** RECORDS FOR THIS EXERCISE follows **
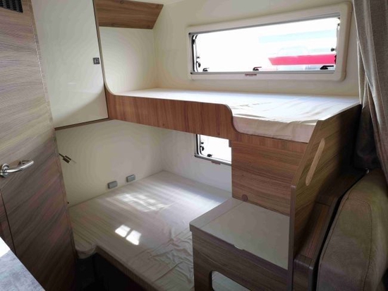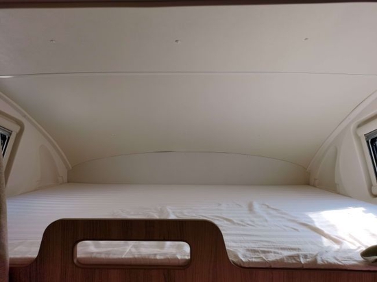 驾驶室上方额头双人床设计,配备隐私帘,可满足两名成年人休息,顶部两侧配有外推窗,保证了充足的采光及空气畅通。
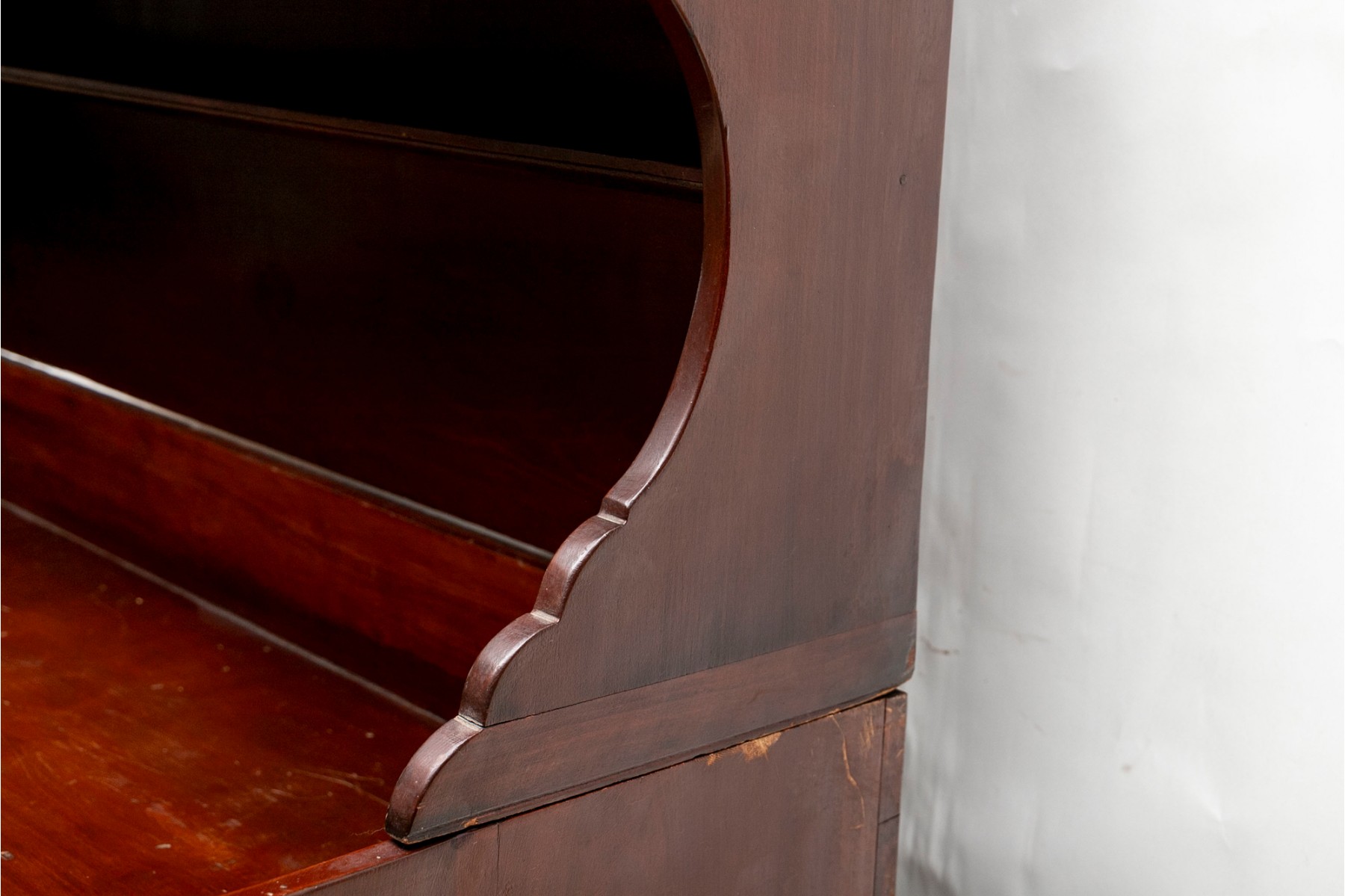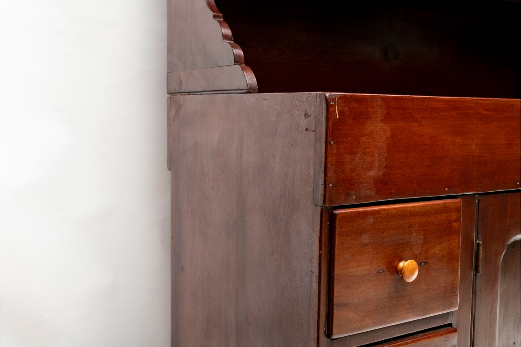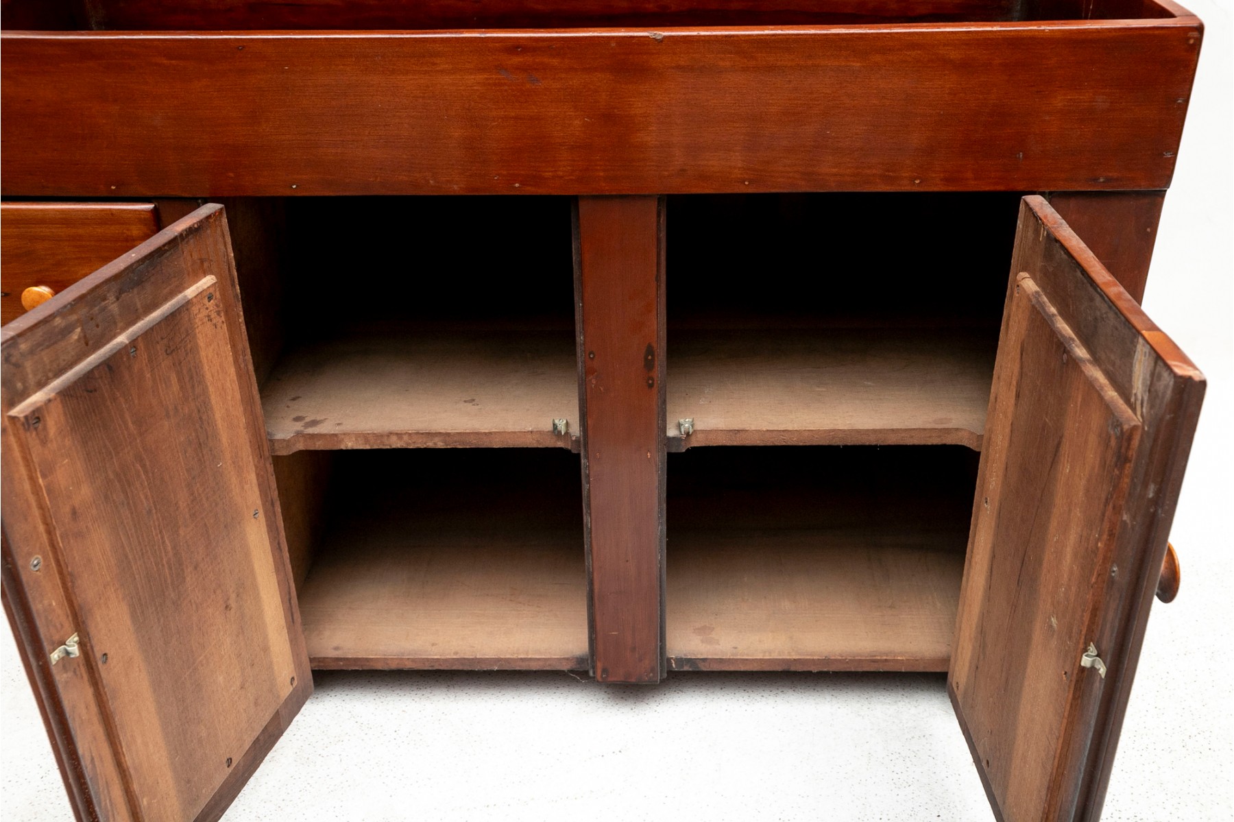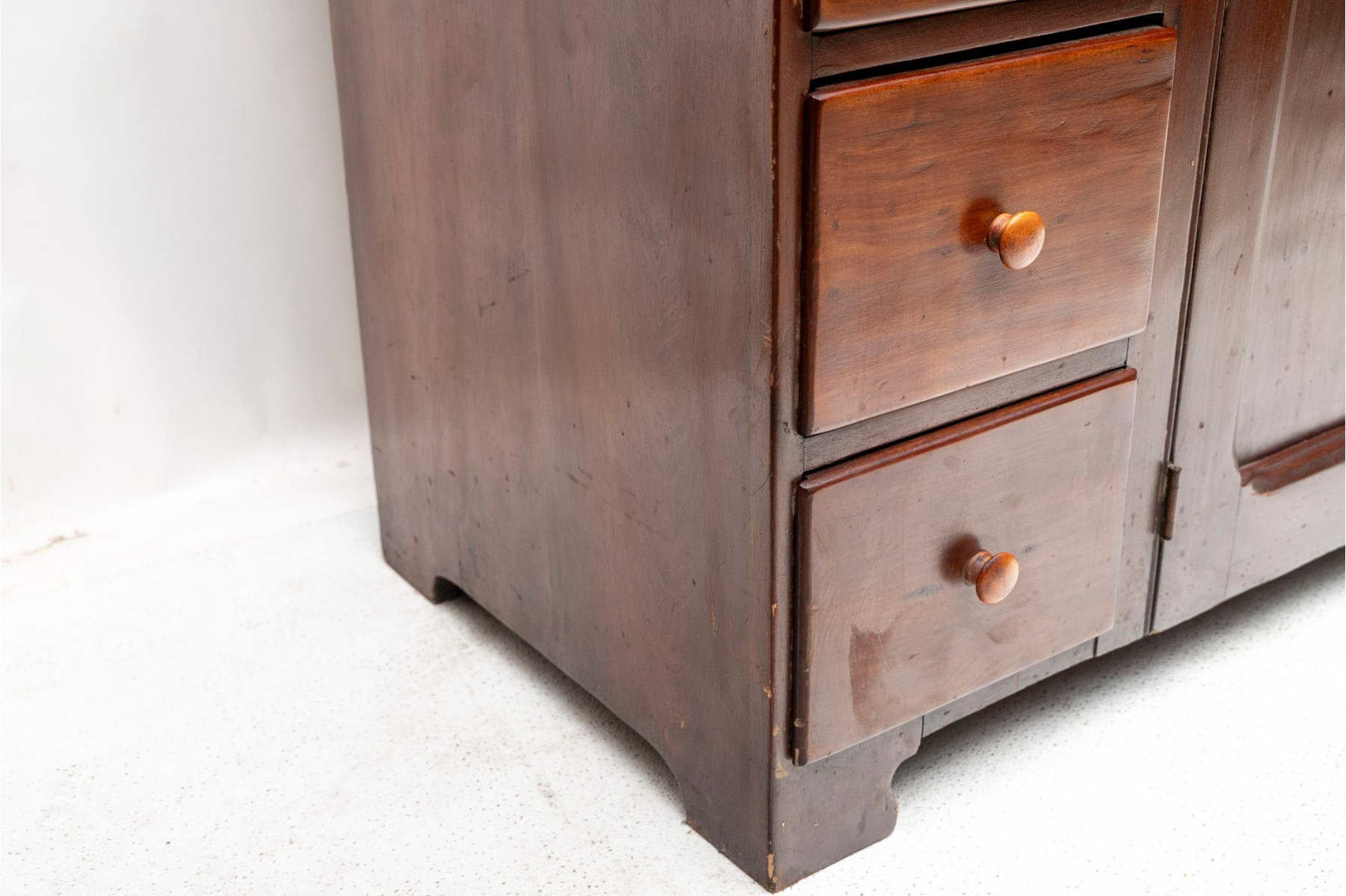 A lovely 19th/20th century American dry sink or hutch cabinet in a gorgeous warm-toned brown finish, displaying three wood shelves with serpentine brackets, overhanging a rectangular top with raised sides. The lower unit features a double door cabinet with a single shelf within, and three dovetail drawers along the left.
** End of RECORDS FOR THIS EXERCISE **
** RECORDS FOR THIS EXERCISE follows **
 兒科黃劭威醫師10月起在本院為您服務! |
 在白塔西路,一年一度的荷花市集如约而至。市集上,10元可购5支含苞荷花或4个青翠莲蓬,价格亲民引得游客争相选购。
** End of RECORDS FOR THIS EXERCISE **
- WORK REQUIRED: In the data above, start at the line that has "兒科黃劭威醫師10月起在本院為您服務! |", stop after the line that has "在白塔西路,一年一度的荷花市", and print every line in between exactly as it stands.

- SOLUTION FOR THIS EXERCISE:
 兒科黃劭威醫師10月起在本院為您服務! |
 在白塔西路,一年一度的荷花市集如约而至。市集上,10元可购5支含苞荷花或4个青翠莲蓬,价格亲民引得游客争相选购。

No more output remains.